→ **EXERCISE DESCRIPTION**
Below are the entries; give again exactly the lines from the one mentioning "Дети вместе с" through the one mentioning "Interruptor preto com", inclusive.

→ **MATERIALS PROVIDED**
+++

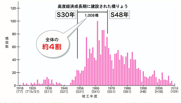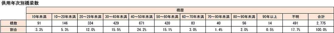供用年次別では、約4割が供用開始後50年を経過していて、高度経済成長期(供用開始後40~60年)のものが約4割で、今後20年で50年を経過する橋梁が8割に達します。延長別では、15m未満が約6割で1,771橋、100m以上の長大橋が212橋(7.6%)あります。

+++

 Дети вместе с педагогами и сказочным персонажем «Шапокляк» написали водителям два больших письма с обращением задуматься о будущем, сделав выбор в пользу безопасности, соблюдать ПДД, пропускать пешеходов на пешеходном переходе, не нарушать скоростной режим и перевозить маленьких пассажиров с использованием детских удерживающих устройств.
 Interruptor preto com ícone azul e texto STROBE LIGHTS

+++

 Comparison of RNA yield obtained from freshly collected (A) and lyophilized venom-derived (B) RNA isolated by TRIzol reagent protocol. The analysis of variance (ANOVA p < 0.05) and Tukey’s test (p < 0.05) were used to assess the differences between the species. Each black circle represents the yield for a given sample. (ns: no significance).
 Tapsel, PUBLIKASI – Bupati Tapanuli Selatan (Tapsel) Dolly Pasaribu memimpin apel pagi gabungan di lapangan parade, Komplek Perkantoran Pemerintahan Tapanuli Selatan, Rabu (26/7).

+++

→ **FINISHED TASK**
 Дети вместе с педагогами и сказочным персонажем «Шапокляк» написали водителям два больших письма с обращением задуматься о будущем, сделав выбор в пользу безопасности, соблюдать ПДД, пропускать пешеходов на пешеходном переходе, не нарушать скоростной режим и перевозить маленьких пассажиров с использованием детских удерживающих устройств.
 Interruptor preto com ícone azul e texto STROBE LIGHTS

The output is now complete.